» Assignment: The answer must consist only of the lines from the line with "Quelques heures après" to the line with "LARGE RED HEART", both included, exactly as they stand below.

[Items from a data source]
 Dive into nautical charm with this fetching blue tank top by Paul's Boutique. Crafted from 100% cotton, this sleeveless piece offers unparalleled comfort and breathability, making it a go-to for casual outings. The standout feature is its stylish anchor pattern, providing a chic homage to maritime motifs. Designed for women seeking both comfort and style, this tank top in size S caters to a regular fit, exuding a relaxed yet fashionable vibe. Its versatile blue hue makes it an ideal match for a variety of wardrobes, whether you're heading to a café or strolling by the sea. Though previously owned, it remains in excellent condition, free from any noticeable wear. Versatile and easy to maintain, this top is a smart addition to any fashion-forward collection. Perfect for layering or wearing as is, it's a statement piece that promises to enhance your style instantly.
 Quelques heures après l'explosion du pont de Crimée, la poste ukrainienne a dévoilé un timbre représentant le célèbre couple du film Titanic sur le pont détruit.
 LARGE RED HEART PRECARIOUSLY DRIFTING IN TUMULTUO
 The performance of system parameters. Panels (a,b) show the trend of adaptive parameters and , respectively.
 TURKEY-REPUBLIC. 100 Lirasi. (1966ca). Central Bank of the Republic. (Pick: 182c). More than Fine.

» Answer:
 Quelques heures après l'explosion du pont de Crimée, la poste ukrainienne a dévoilé un timbre représentant le célèbre couple du film Titanic sur le pont détruit.
 LARGE RED HEART PRECARIOUSLY DRIFTING IN TUMULTUO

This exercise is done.